You know what f(x,y) is and you have a(t) = (x(t), y(t)). So you are looking at f(x(t),y(t)). Differentiate with respect to t, being careful about the chain rule. You will get some expression involving derivatives coming from f which you can see are okay, and a'(t) which by definition was $C^1$.
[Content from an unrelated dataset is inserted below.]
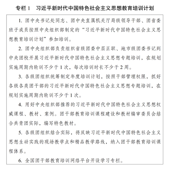?。ㄒ唬┚劢咕哿?,久久為功。完善團干部理論教育培訓(xùn)長效機制,落實黨的創(chuàng)新理論學(xué)習(xí)教育計劃,組織實施習(xí)近平新時代中國特色社會主義思想教育培訓(xùn)計劃(專欄1),系統(tǒng)謀劃、持續(xù)用力,不斷把思想鑄魂、理論武裝工作引向深入。堅持把習(xí)近平新時代中國特色社會主義思想作為團的各級領(lǐng)導(dǎo)機關(guān)班子成員理論學(xué)習(xí)中心組學(xué)習(xí)首要內(nèi)容,作出具體安排、精心組織實施;作為各級團干部教育培訓(xùn)機構(gòu)的主課必修課,辦好理論進修班、理論研修班;作為團干部學(xué)習(xí)的中心內(nèi)容,全面系統(tǒng)學(xué)、持續(xù)深入學(xué)、聯(lián)系實際學(xué)。以縣處級及以上團干部為重點,開展習(xí)近平新時代中國特色社會主義思想和黨的二十大精神集中輪訓(xùn);深入開展主題教育,通過專題學(xué)習(xí)、研討交流、主題黨課、調(diào)查研究、建章立制等形式,推動黨的創(chuàng)新理論學(xué)習(xí)教育走深走實走心,使廣大團干部更加深刻領(lǐng)悟“兩個確立”的決定性意義,更加自覺增強“四個意識”、堅定“四個自信”、做到“兩個維護”。深入開展習(xí)近平總書記關(guān)于青年工作的重要思想學(xué)習(xí)培訓(xùn),使廣大團干部學(xué)習(xí)掌握黨的青年工作的地位作用、目標任務(wù)、職責(zé)使命、實踐要求,為做好新時代新征程黨的青年工作打牢思想基礎(chǔ)。

${\frac{\partial f}{\partial y}}(1,0)$ and ${\frac{\partial f}{\partial x}}(1,0)$ exist and are both $0$. So, what you've suggested is to apply the chain rule. By the chain rule $(foα)'(0)=<∇f(α(0)),α'(0)>=<(0,0),(x'(t),y'(t)>=0$ Is this ok? I thought that in order to apply the chain rule I needed both $f(x,y)$ and $α(t)$ to be differentiable, that's why I didn't try to solve it this way earlier. Instead, I've tried to proved differentiability by using the limit definition.

 

[Dick]

${\frac{\partial f}{\partial y}}(1,0)$ and ${\frac{\partial f}{\partial x}}(1,0)$ exist and are both $0$. So, what you've suggested is to apply the chain rule. By the chain rule $(foα)'(0)=<∇f(α(0)),α'(0)>=<(0,0),(x'(t),y'(t)>=0$ Is this ok? I thought that in order to apply the chain rule I needed both $f(x,y)$ and $α(t)$ to be differentiable, that's why I didn't try to solve it this way earlier. Instead, I've tried to proved differentiability by using the limit definition.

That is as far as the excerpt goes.